Process of truncating the relevant document.
Figure 2.
Capacity constraint problem when the model uses a long knowledge document.
Figure 3.
Process of constructing knowledge graph from the relevant document (A).
The relevant document (A) (which has 1533 tokens) and a dialogue history (which has 246 tokens) (D) are used to train the pretrained model, as shown in Figure 1 and Figure 2. However, because of constraints on the maximum number of tokens (e.g., the maximum number for BART is 1024), most of the PLMs often cannot use the entire source (A, D) [6]. To fit the maximum length of the input, we truncate the length of the document (A) by cutting the second half of it, that is, (B) is 50.7% of (A). Then, given a dialogue history (D) and the first half of the document (B), the model generates an informative and natural agent response Y. To generate an informative response Y, the model needs gold relevant knowledge (G), , which is related to the previous turn, knowledge (G) is present in the original document (A), not in the truncated document (B). If the relevant document is too long, the relevant knowledge (G) may not be in the input, according to the location of the knowledge in the document, such as in Figure 2. The relevant knowledge (G) is not present in the input, which is a serious problem in DGC. To address this problem, we propose a document-grounded generative model using a knowledge graph. Figure 3 shows the construction of a knowledge graph (C). We convert the sentences of document (A) into the knowledge graph (C) with knowledge triples using keywords of the sentences. The proposed model dynamically constructs a knowledge graph from relevant document(s), and generates more informative and natural responses based on the graphs. The remainder of this paper is organized as follows.
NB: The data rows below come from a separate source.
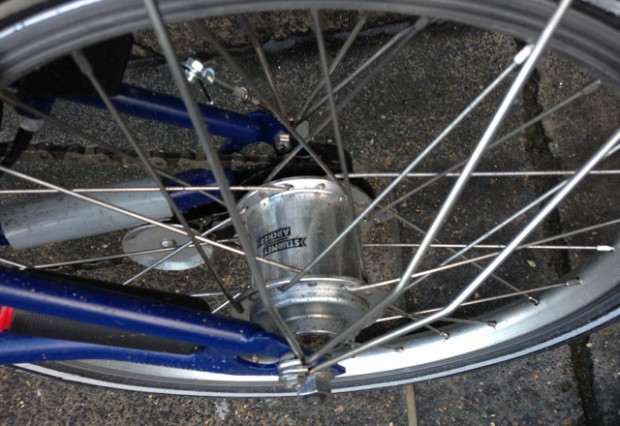 Bromptons come with a quality Sturmey Archer hub gear. If you haven’t encountered this type of gear before, they’re worth knowing about because they are brilliant for city riding. Rather than the familiar set of cogs, the gears work inside a fully enclosed drum, which means considerably less maintenance.
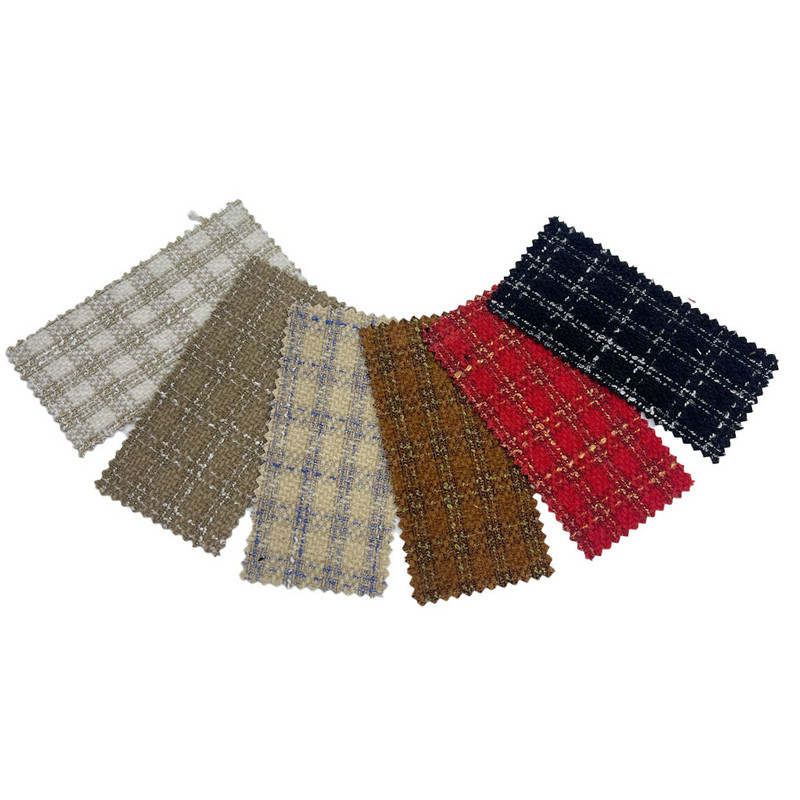This fabric, designated as article 3764, is a woven tweed textile composed of 100% other fibers. With a mass per unit area of 560 g/m, it presents a medium-to-heavy weight construction. The surface combines a check pattern with a chenille structure that has undergone a brushing process. This finishing technique raises fibers from the chenille yarns, creating a soft surface texture. The check design is formed through the interplay of colored yarns in the weaving process, maintaining geometric precision. These manufacturing techniques result in a fabric with both visual pattern definition and a distinctive tactile quality. This woven tweed is applicable for women's clothing where surface interest and structural integrity are required.
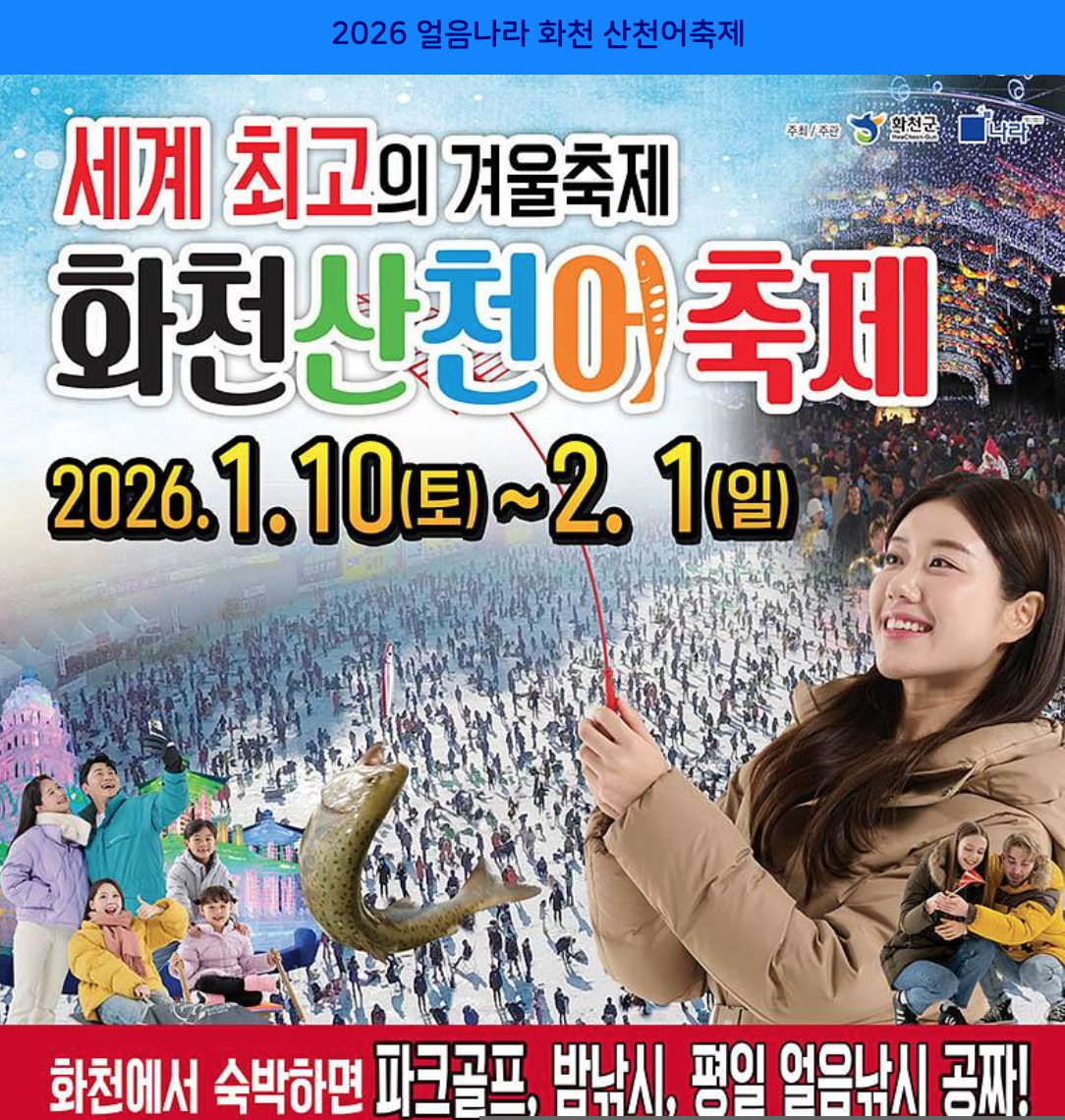 강원도 화천산천어축제(1/10~2/1)는 얼음판 위에서 송어를 잡고 즉석에서 회로 맛보는 진짜 겨울 체험입니다. 매년 열리는 이 축제는 외국인 관광객에게도 인기이며, 아이들과 함께 즐기기 좋은 가족형 행사입니다.
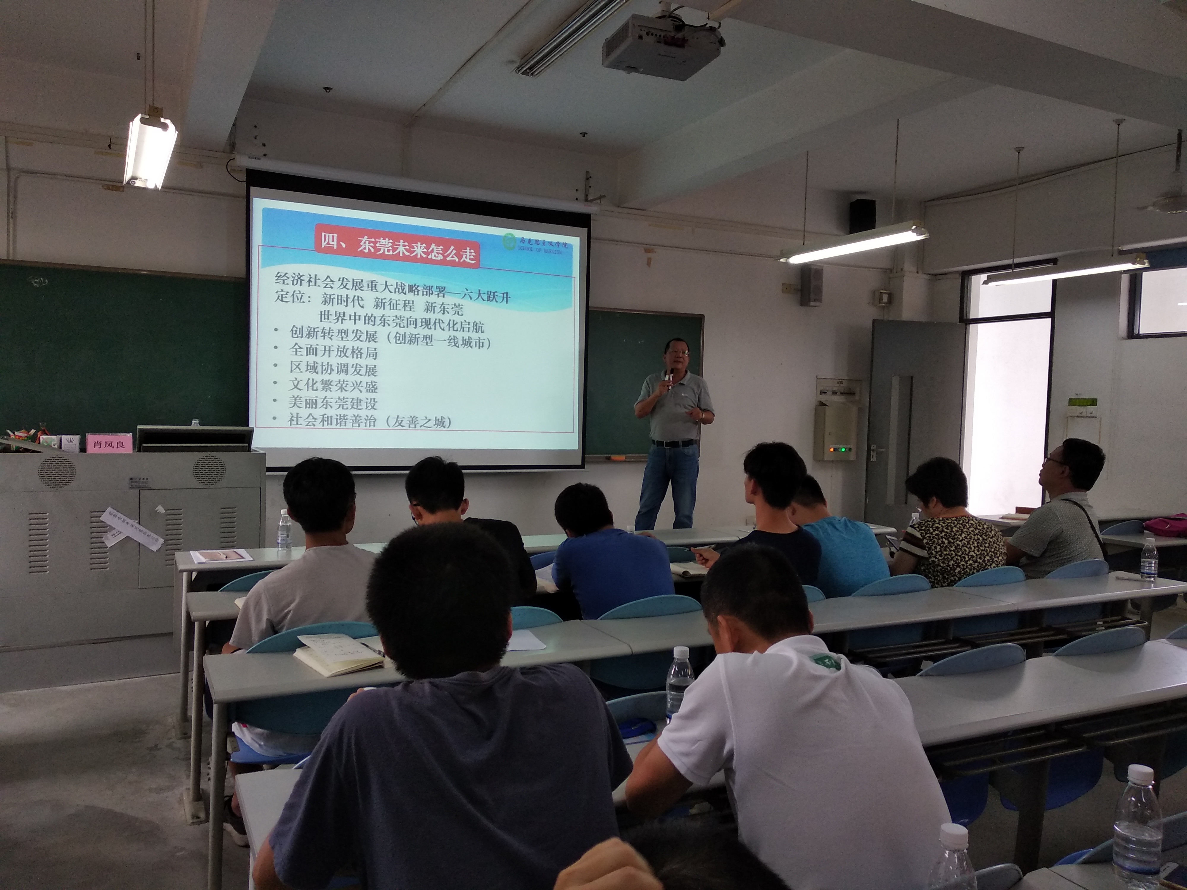 肖凤良老师以“紧扣三十讲,漫谈四十年”为主题,结合东莞故事,将三十讲的内容通过精彩生动的语言讲述了中国特色社会主义在南粤大地的生动诠释,让政治理论学习穿插在这些活生生的事例当中,使师生更容易学习政治理论是如何作用于我们日常生活中的。肖老师对《三十讲》概要、主题内容进行了梳理,结合东莞四十年改革开放讲解了三十讲的重要内容。其中肖老师的讲话内容主要围绕着“东莞发展成就”、“东莞的过去”、“东莞所走过的路”、“东莞未来怎么走”、“东莞新机遇——拥抱大湾区”来展开,透露出我们东莞的发展目前处于天时地利人和阶段,重新定位了“新时代,新征程,新东莞”,以创新为引领使东莞向世界启航。
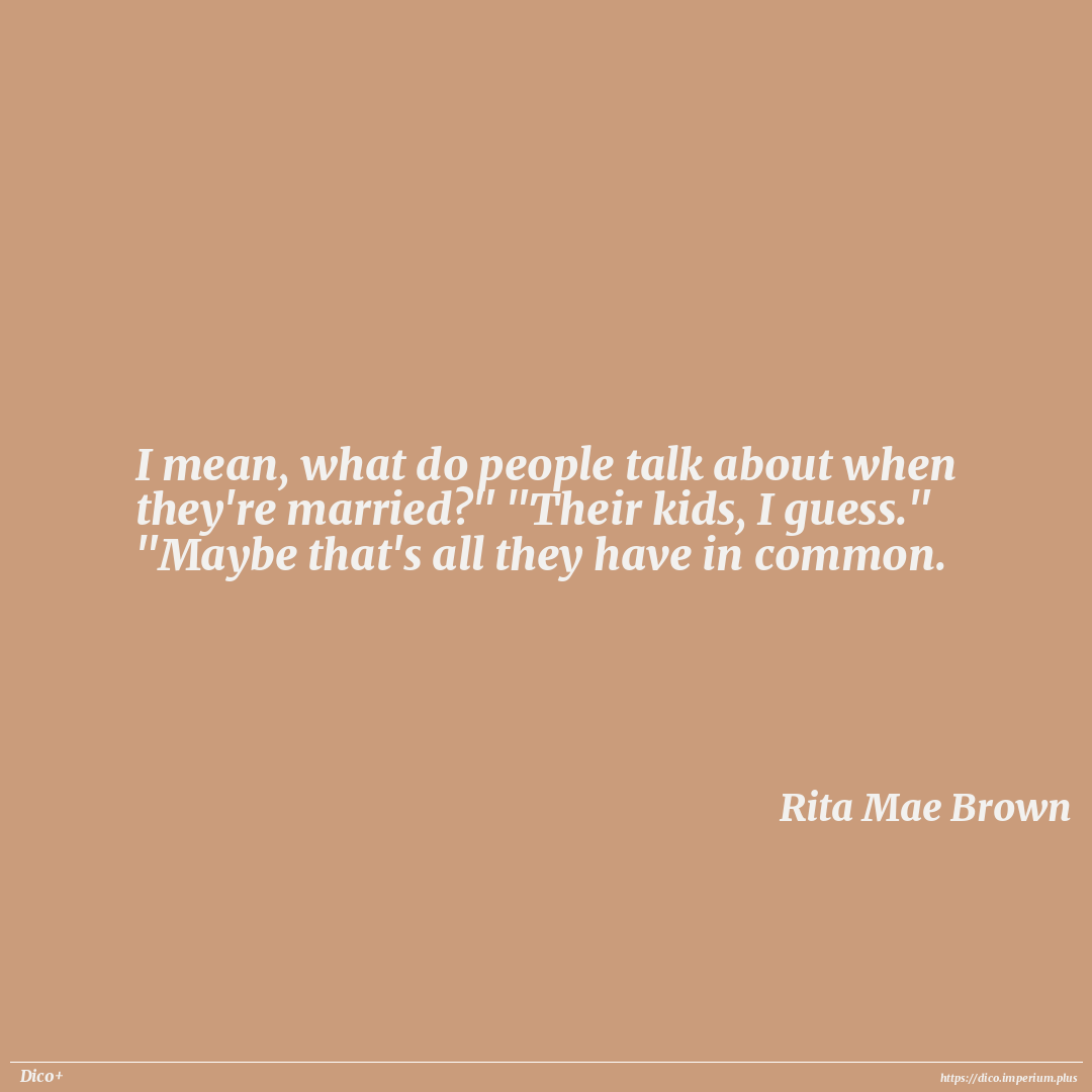 I mean, what do people talk about when they're married?" "Their kids, I guess." "Maybe that's all they have in common.

In Section 2, we review previous studies on DGC. In Section 3, we describe the proposed model, a document-grounded generative model using knowledge graph. In Section 4, we explain our experiments and report the experimental results. In Section 5, we provide the conclusion of our work.
2. Previous Studies
Many studies on DGC are based on sequence-to-sequence (Seq2Seq) modeling [7]. Most early studies used recurrent neural networks (RNNs) [8,9,10]. In these studies, an encoder–decoder model utilizing RNN was used. These generative models based on RNN encode an extensive knowledge base using attention mechanisms [11] or memory networks [12], and then generate responses by adding that knowledge context to the dialogue context. However, this approach suffers from performance degradation when extended contexts are used. In addition, the training time is excessively long. Many studies have recently used pretrained transformer-based language models [4,5], such as BERT [6]. These models are trained on a large-scale corpus, and they can be fine-tuned using a task-specific dataset. In DGC, GPT-2 [1], or BART [2], a pretrained language model is mainly used.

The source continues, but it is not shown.